Hemingway was introduced to Pfeiffer (below) at a party given by Kitty Cannell, Harold Loeb’s then girlfriend. The attraction was not immediate, but Pfeiffer — like Hadley several years older than
Hemingway — soon took a shine to him. She was 30 and thought by some in Paris to be ‘looking for a husband’, although Hemingway biographer Michael Reynolds suggests she had moved to Paris from New York as much to escape being married off to a wealthy cousin as for the prestigious job with Vogue she had been offered.

Before meeting Hemingway, she had previously considered other men as potential partners, including Harold Loeb, and Hemingway, already married and a father, was not an obvious choice. Pfeiffer was unimpressed when she and her sister Jinny called on Hadley after meeting the couple at Cannell’s party and were ignored by an unshaven Hemingway lounging on his bed next door reading.

In his memoir A Moveable Feast Hemingway later claims that Pfeiffer had somehow wheedled her way into his affections by subterfuge, using ‘the oldest trick in the book’ by making his wife ‘a best friend’ and then stealing that friend’s husband. Reynolds refutes that: he suggests that without strong and quite definite encouragement from Hemingway (for whom marriage to Hadley seemed to be paling and who already had hopes of acquiring a mistress available for inconsequential sex) Pfeiffer would have held back.

Reynolds points out that as a strict, practising Roman Catholic whose church insisted on the ‘sanctity of the sacrament of marriage’, Pfeiffer would not have considered merely having an affair with Hemingway unless it led somewhere. That she and he were eventually able be married in an Roman Catholic ceremony after Hemingway and Hadley were divorced was simple: as Hemingway and Hadley had been wed in a Methodist ceremony, their marriage was not a ‘real’ in Roman Catholic eyes and thus Hemingway was ‘not divorced’.

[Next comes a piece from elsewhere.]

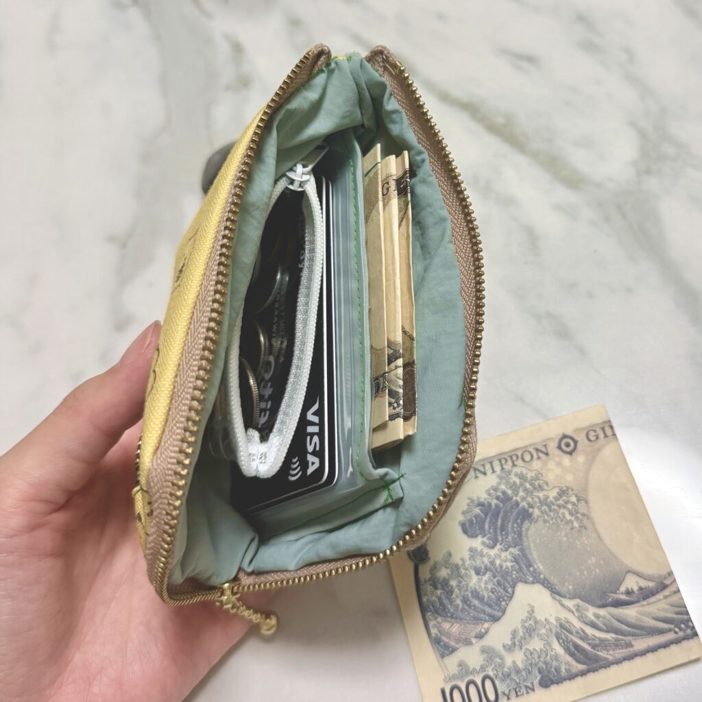 メインポケットはチャックがL字に大きく開くため、小銭なども出し入れしやすいです。

Similar legerdemain was used when Hemingway was required to prove he had been received into the RC church: he claimed that soon after being blown up in July 1918 in Italy, he had been ‘baptised’ by an Italian army chaplain because he had received the sacrament of ‘extreme unction’. Not only was this claim unsound (and it was a wonder the RC church accepted it), but no baptismal certificate or proof of any kind was ever produced or has since turned up, but in the event no more questions were asked.

. . . 

Although Hemingway soon fell for Pfeiffer (and, some suggest, her trust fund income, substantially larger than Hadley’s, added to her attraction) in 1925 he first developed a crush on the twice-divorced Lady Duff Twysden. She and her supposed fiancé, her cousin Pat Guthrie — who became Mike Campbell in The Sun
Also Rises and was thought by some to be gay — were two impecunious and hard-drinking spongers and fixtures in the Montparnasse expatriate community. 

They existed on irregular maintenance cheques which arrived from Guthrie’s rich mother. Although Twysden (right) was said not to have been particularly beautiful, many found her attractive, and Hemingway was only one of many men who fell for her. His friend Harold Loeb was another, and he was more successful in his pursuit.

Hadley was well aware of Hemingway’s feelings for Twysden, which he made no attempt to hide, and many years later she admitted she had ‘suffered’ during the summer of 1925; but she did so in silence, believing her husband’s infatuation would blow over (as she later persuaded herself Hemingway’s affair with Pfeiffer would blow over).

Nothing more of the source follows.